“The memory of the righteous is a blessing,
but the name of the wicked will rot.”
The righteous are those who belong to God, have godly wisdom, and live in accordance with God’s ways. Throughout Proverbs, the righteous are those who fear God (1:7), carry out justice (8:20), increase in learning (9:9), speak profitable things (10:11, 21), remain steadfast (10:30), bear fruit like a tree (11:30), care for their neighbor (12:26), hate falsehood (13:50), and walk in integrity (20:7).
The righteous live eminently godly lives filled with acts of service to King Jesus. They offer up their bodies as living sacrifices to the Lord (Romans 12:1). Their lives are filled with such godly virtues that they become paradigms of some of the virtues that God works in us by the Spirit. In essence, the righteous are those who truly live in this life.
Nonetheless, though the righteous truly live in this life, they still end up dying. Once they are gone, all we have are memories of them. These memories become blessings to the people of God. This is one of the ways that God honors those who honor him (Psalm 112:6). God sees to it that blessed men and women leave behind blessed memories; memories that are so profitable to the people of God that they are regarded as blessings from God.
We are blessed when we remember how Abraham was willing to offer up Isaac because he was confident that God would raise his son from the dead (Hebrews 11:17-20). Our spirits are encouraged when we think about how Moses chose to be mistreated with the people of God rather than enjoying the fleeting pleasures of sin in Egypt (Hebrews 11:24-25). Our souls are renewed with zeal when we remember the steadfastness of Job in the midst of an onslaught of fiery trials (James 5:11).
Sweet Memories of William Tyndale
This is also one of the chief reasons so many Christians have benefited from reading biographies of righteous men and women throughout history. Just the other day I was reading about William Tyndale. Throughout the 1520s and 1530s, Tyndale’s main ambition was to translate both the Old and New Testament into English. Though this was illegal and punishable by death during his time, he was filled with a godly resolve to get the Bible into the language of the common man. Before he began this extraordinarily difficult task, Tyndale famously said to a very learned man, “If God spare my life, in a few years I will cause a boy that drives the plough to know more of the Scripture than you do.”

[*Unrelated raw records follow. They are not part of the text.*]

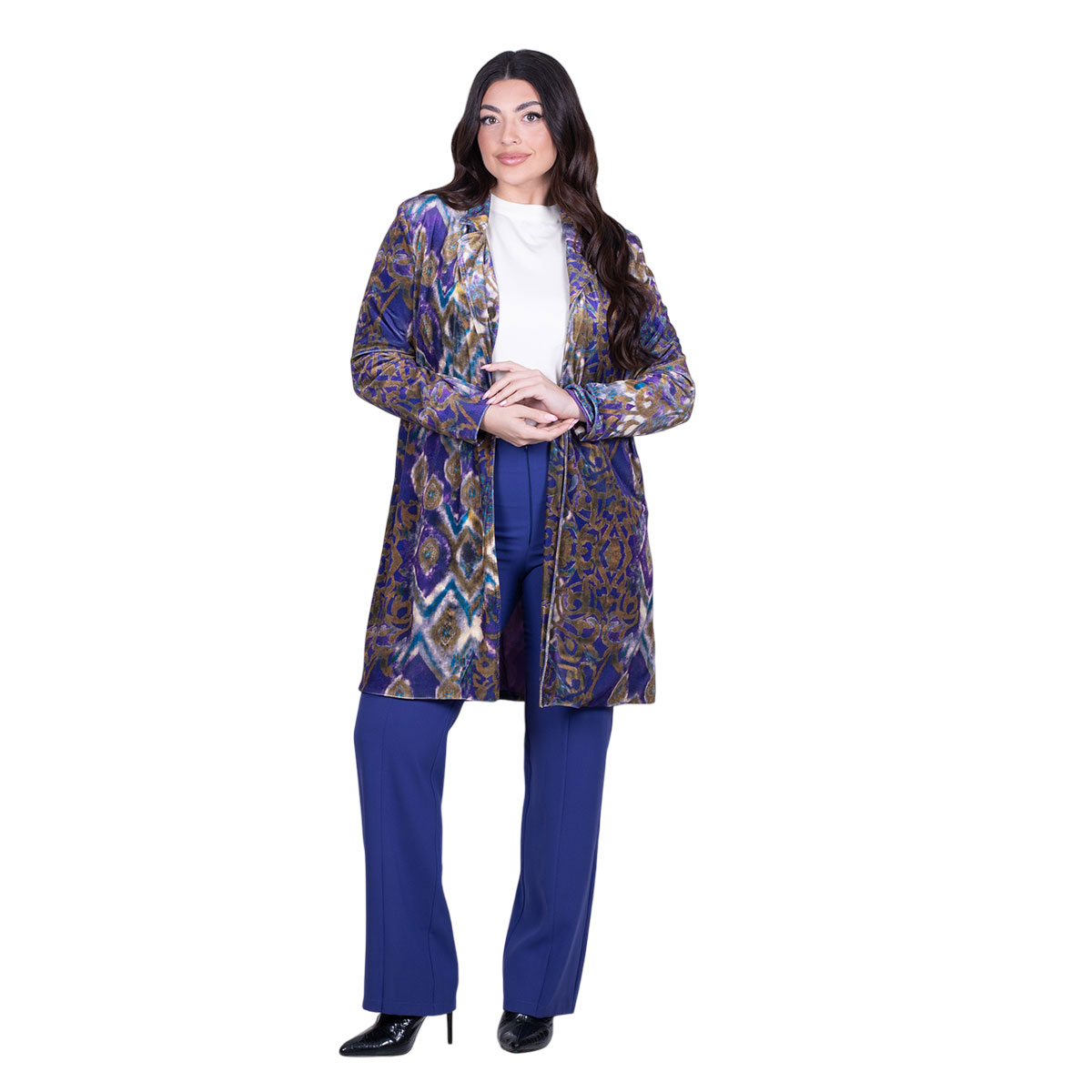 Platinum Ημίπαλτο Μωβ Με Πολύχρωμα Γήινα Σχέδια Γυναικείο Καθημερινό Free Size – IT-64-GU-P
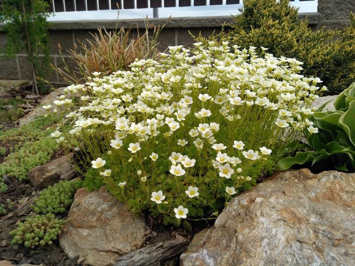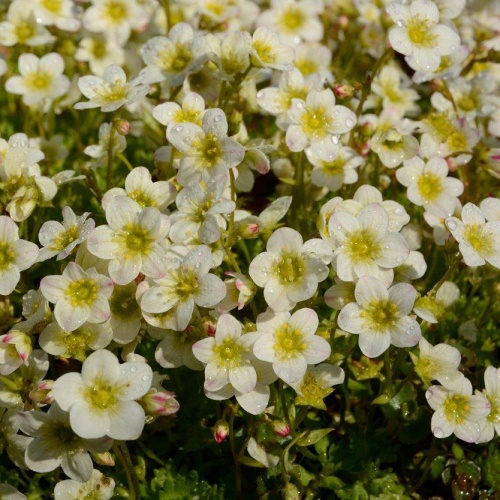 Bildet dichte Polster aus kleinen, blattreichen Rosetten. Die Pflanzen blühen im Frühjahr üppig mit schneeweißen Blüten. Geeignet für die Bepflanzung von Steingärten mit leichtem Halbschatten. Sie bevorzugt leicht saure Böden, die während der Wachstumsperiode nicht zu stark austrocknen sollten.
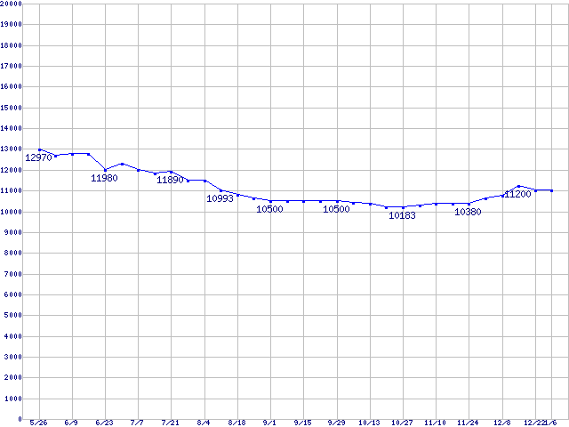 | WD Caviar[Special Edition] (7200rpm,Ultra ATA/100,8MB)の最安値推移 | | | (2005年5月26日~2006年1月6日) |
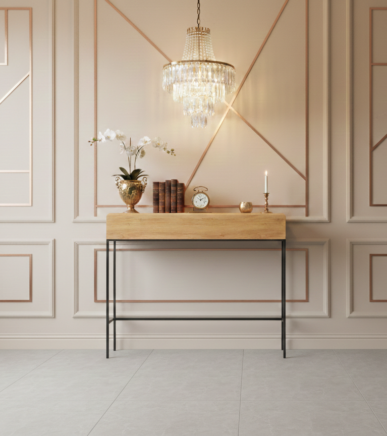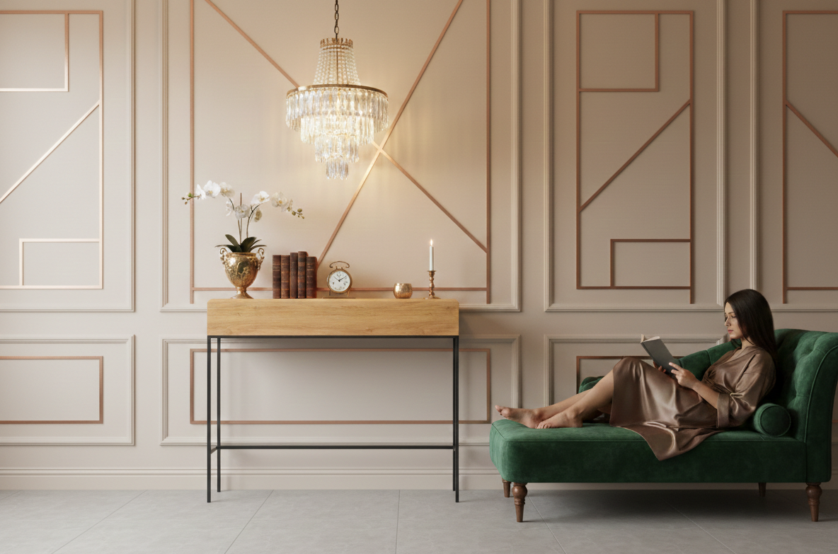 KONSOLA / Stelaż Stalowy Czarny / Gatunek Drewna DĄB model SKD-350 produkowana w rozmiarach od 50 cm do 200 cm
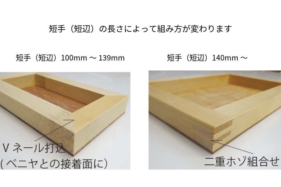 一般的木製パネルですが、枠部分の組み方が2重ホゾ構造です。これはキャンバス木枠の構造と一緒で枠のソリ曲りが最小限に抑えられる構造で、他社製品にはない最大の特徴です。(短手140mm未満はVネール組手になります)
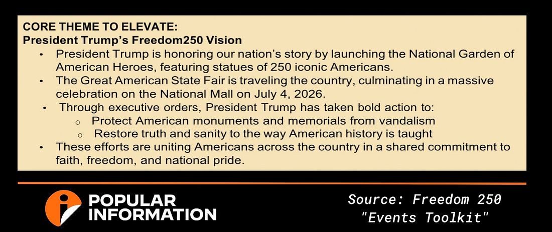 No corporate overlords. No false equivalencies. No BS. Upgrade to paid to support independent accountability journalism that makes an impact. Major corporations bankroll "America First" propagandaMastercard, Deloitte, and ExxonMobil are spending millions to promote events supporting Trump and his divisive political agenda.Major corporations — including Mastercard, Deloitte, and ExxonMobil — are spending millions to promote President Trump and some of his most divisive policy initiatives. The corporations are sponsoring Freedom 250, which bills itself as a “non-partisan organization leading the celebration of our Nation’s 250th birthday.” But internal documents obtained by Popular Information reveal that Freedom 250 is bankrolling events promoting Trump and his political agenda. Corporations pay between $500,000 and $10 million to become a Freedom 250 sponsor. Those who donate $1 million or more get invited to a private reception with Trump. For $2.5 million or more, sponsors receive a speaking role at the 4th of July celebration in Washington, D.C. The benefits for sponsors were first reported by the New York Times. Freedom 250 will purportedly use the money to host events across the country celebrating the nation’s 250th birthday. But an “Events Toolkit” produced by Freedom 250 and labeled “DRAFT DELIBERATIVE NOT FOR DISTRIBUTION” reveals the events will actually promote pro-Trump political talking points. For example, a “Talking Points & Messaging Guide” suggests partner organizations feature “issue-based messaging.” One featured message: “President Trump and America First leaders are restoring election integrity and protecting the voice of every legal citizen.” The idea that election integrity needs to be “restored” is based on the conspiracy theory, promoted by Trump, that the 2020 election was stolen. It also promotes the falsehood that “legal citizen” votes are being diluted by ineligible voters. The “Events Toolkit” also instructs organizational partners that the “CORE THEME TO ELEVATE” is “President Trump’s Freedom250 Vision.” This entails praising specific executive orders issued by Trump, including “Restoring Truth and Sanity to American History.” That order, which was signed last March, has resulted in “the removal of signs and exhibits related to slavery at multiple national parks.” New brochures at the former home of Medgar Evers, who was murdered by a member of the Ku Klux Klan, will no longer refer to Evers’ killer as “racist.” In other cases, signs “referring to the forced removal of Native Americans“ were removed from parks. Freedom 250 is now telling partner organizations to say that this kind of historical erasure is “uniting Americans across the country.” Other “talking points” explicitly call on partner organizations to align themselves with Trump’s political project: “[W]e’re proud to stand with the America First movement.” The document also calls on partner organizations to use Freedom 250 events to mobilize “America First” voters, urging them to pair rallies for “election integrity” and “parental rights” with “voter registration booths.” |
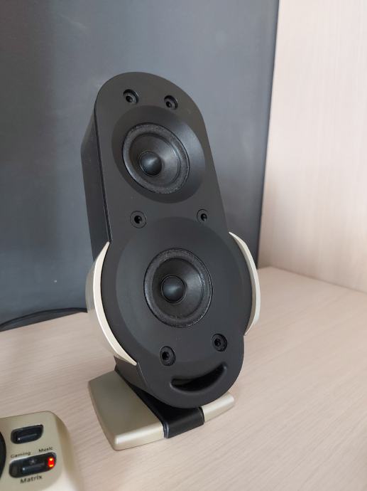 Odlična kvaliteta zvuka, korišten kao 2.1 sistem za pc, ostali zvučnici nisu korišteni.
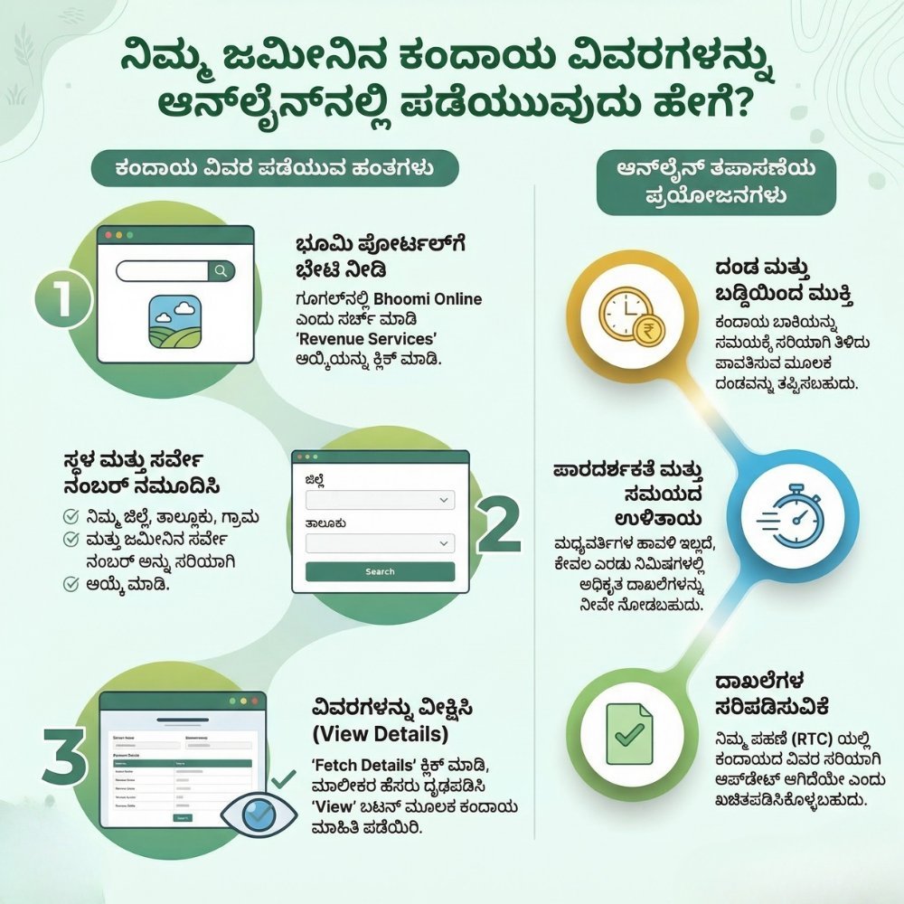 ಅನೇಕ ಬಾರಿ ಕಂದಾಯ ಕಟ್ಟದಿದ್ದರೆ ದಂಡ ಬೀಳುವ ಅಥವಾ ಮುಂದಿನ ದಿನಗಳಲ್ಲಿ ಪಹಣಿ (RTC) ಕೆಲಸಗಳಿಗೆ ತೊಂದರೆಯಾಗುವ ಸಾಧ್ಯತೆ ಇರುತ್ತದೆ. ಹಾಗಾದರೆ, ಆನ್‌ಲೈನ್‌ನಲ್ಲಿ ಇದನ್ನು ಚೆಕ್ ಮಾಡುವುದು ಹೇಗೆ? ಇಲ್ಲಿದೆ ನೋಡಿ ಸ್ಟೆಪ್-ಬೈ-ಸ್ಟೆಪ್ ಮಾಹಿತಿ.

To enable the plough boy to know more Scripture than the learned man proved to be an audacious endeavor. Tyndale had to live as a fugitive on the run, he had to master the Greek and Hebrew language, and he had to find men that would print his translations even though it could cost them their lives. In all of this, Tyndale did not waver. Before long, his English Bible was circulating throughout England. As the Bible was placed into the plough boy’s hands, the plough boy began to know more Scripture than the Pope!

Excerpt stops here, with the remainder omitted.